I’ll offer more details in upcoming reports, but for now here’s a quick rundown of the 2016 session, and how our bipartisan Senate coalition built on the results of our preceding three years as the governing side in the Senate.

Jobs – The subjects of carbon reduction and raising the minimum wage were not seriously discussed during our 60-day regular session.

This meant two things: employers did not have to worry about more of their bottom line being lost because of government, and legislators could focus on addressing education issues and developing a sensible set of updates to the operating budget we adopted in 2015.

Winners: employers and the families who depend on those jobs (especially in border counties, such as those in the 9th District, where the impact of raising Washington’s minimum wage would be extreme).

Education – The first bill passed by the Senate this year established a different funding source for Washington’s voter-approved public charter schools.
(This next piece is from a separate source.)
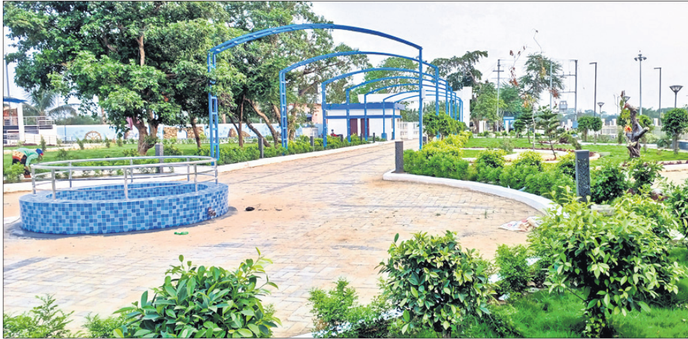
ସିଲଭର ସିଟି ବୋର୍ଡ୍ କ୍ଲବ୍ରେ ଜାରି ରହିଥିବା ଉନ୍ନତ ମାର୍ଗ।

କଟକ ମାତାମଠିତ ମହାନଦୀ କୁଳରେ ଥିବା ସିଲଭର ସିଟି ବୋର୍ଡ୍ କ୍ଲବ୍ ଏବେ ନୂଆ ରୂପ ପାଇବାକୁ ଯାଉଛି। ପର୍ଯ୍ୟଟକଙ୍କୁ ଅଧିକ ଆକୃଷ୍ଟ କରିବା ପାଇଁ ଓଡ଼ିଶା ପର୍ଯ୍ୟଟନ ଉନ୍ନୟନ ନିଗମ (ଓଡିଟିସି) ପକ୍ଷରୁ ଏହାର ପରିସରରେ ବିଭିନ୍ନ ଉନ୍ନୟନମୂଳକ କାର୍ଯ୍ୟ ଜାରି ରହିଛି। ବିଶେଷକରି ବୋର୍ଡ୍ କ୍ଲବ୍ ପରିସରରେ ୮ କୋଟି ଟଙ୍କା ବ୍ୟୟରେ ଓପନ୍-ସ୍ପାସ୍ ପାର୍କ, ଟେକ୍ସ, ଗ୍ଲାସ୍ ଟେକ୍, ବୋକ୍ସିଂହାଉସ୍, ଫାଇଭ୍ ଟେକ୍, ପିଲାଇ ପାଇଁ ପାର୍କ, ଟେକ୍ସ ଟେକ୍ ଆଦି କାମ ଜାରି ରହିଛି। ଚଳିତମାସ ଶେଷ ପୂର୍ବ ଏହି କାର୍ଯ୍ୟ ଶେଷ କରିବାକୁ ଓଡିଟିସି ଲକ୍ଷ୍ୟ ରଖିଛି। ୨୦୨୧ ମସିହାରେ ୧.୩୫ କୋଟି ଟଙ୍କା ବ୍ୟୟରେ ଏହାର ପାର୍କ ନିର୍ମାଣକାର୍ଯ୍ୟ କରାଯାଇଥିଲା। ପର୍ଯ୍ୟଟକମାନଙ୍କୁ ମହାନଦୀରେ ବୁଡ଼ିବାକୁ ଲକ୍ଷ୍ୟକ୍ରମ ସହ ମନୋରଞ୍ଜନର ସୁବିଧା ଯୋଗାଇ ଦେବା ନିମନ୍ତେ ଓଡିଟିସି ପକ୍ଷରୁ ଏହି ଖର୍ଚ୍ଚ ଖୋର୍ଚ୍ଚ ପାର୍କ କରାଯାଇଛି। ପୂର୍ଣ୍ଣମାନ୍ଦ୍ରୀ ନଦୀର ପକ୍ଷମାନଙ୍କୁ ଏହାର ଉଦ୍ଘାଟନ କରିଥିଲେ। ଏଠାରେ ପର୍ଯ୍ୟଟକମାନେ ମହାନଦୀର ମନୋରଞ୍ଜନ ସିଦ୍ଧାନ୍ତ ପାଇଁ ଯୋଗାଇ ଦେବା ପାଇଁ ନିଗମ ପକ୍ଷରୁ ଉଦ୍ୟମ ଜାରି ରହିଛି। ବୃତ୍ତୀୟ ପର୍ଯ୍ୟାୟରେ ୮ କୋଟି ଟଙ୍କା ଖର୍ଚ୍ଚ କରାଯାଇ ଏହାର ପରିସରରେ ବିଭିନ୍ନ ଉନ୍ନୟନମୂଳକ କାର୍ଯ୍ୟ କରାଯାଉଛି। ଅଧିକାଂଶ କାମ ଶେଷ ପର୍ଯ୍ୟାୟରେ ପହଞ୍ଚିଛି। ୨୦୦ରୁ ଊର୍ଦ୍ଧ୍ୱ ଖର୍ଚ୍ଚ କାପେ ବ୍ୟୟ ହୋଇଛି। ଏତଦ୍ବ୍ୟତୀତ ପର୍ଯ୍ୟଟକଙ୍କ ପାଇଁ ଓଡିଟିସି ପକ୍ଷରୁ ଏଠାରେ ଏକ ରେଷ୍ଟୁରାଣ୍ଟ କରାଯାଇଛି। ବିଶେଷକରି ପର୍ଯ୍ୟଟକଙ୍କୁ ଉନ୍ନତମାନର ସେବା ଯୋଗାଇ ଦେବା ପାଇଁ ନିଗମ ପକ୍ଷରୁ ଉଦ୍ୟମ ଜାରି ରହିଛି।

That was in response to the surprise September 2015 ruling by the state Supreme Court which prohibited charter schools from drawing their funding from the same place as traditional (known in the state constitution as “common”) schools. The House hemmed and hawed about the issue but finally agreed.


As for the complicated subject of education funding, the Legislature kept itself on track to reform Washington’s school-levy system in a way that will have the state pay for things considered “basic education” instead of those costs being paid in part by local-levy dollars.

The only plan on the table came from a bipartisan group of senators; it will not surprise me if the Senate continues to lead on this, just as we did with the charter-school solution.

Winners: the families who have chosen to send their kids to public charter schools instead of low-performing traditional schools, and all who have benefited from how our Senate majority has led the way to dramatic improvements in support for Washington’s K-12 system.

Budget – In 2015 it took some 10 weeks of overtime for the Senate and House to agree on a new two-year budget for state operations. Our Senate majority worked hard to make sure that budget was balanced without new taxes and also complied with the state law requiring the budget to balance across four years, not just two.

We came into the 2016 session knowing that adjustments needed to be made and determined to hold the line on taxes and remain in line with the balanced-budget law.

We should have wrapped up the supplemental operating budget before the March 10 end of our regular session, but as my March 25 report explained, the Democrats in control of the House wanted to ignore the balanced-budget law, which is the closest thing our state has to a spending limit.

In the end, the budget supplement we adopted is true to our principles. It provides funding for:

• Better care of our state’s most vulnerable, through improvements to the state-run mental-health facility west of the Cascades (Western State Hospital), and more home visits to look after people with developmental disabilities.

• Covering the higher-than-usual wildfire-fighting costs from 2015.

• More support for homecare workers, combined with taxpayer protections.

• Preservation of the popular tuition cuts for 2016-17 school year – something that would not have happened without our Senate majority leading the way.

This supplemental budget balances without tax increases and upholds the four-year balanced-budget law. Considering where budget negotiations with House Democrats stood early this month, those features support the television reporter’s conclusion that Republicans came out ahead. I like to think it is the people who came out ahead.



Winners: those in need of state-provided care, and most of all, Washington taxpayers who must live within their means and deserve a state government, which does the same.

I packed up the car and Colt the faithful Vizsla Thursday and headed home after many weeks straight at the Capitol.

It is good to be back in Adams County and home on the farm!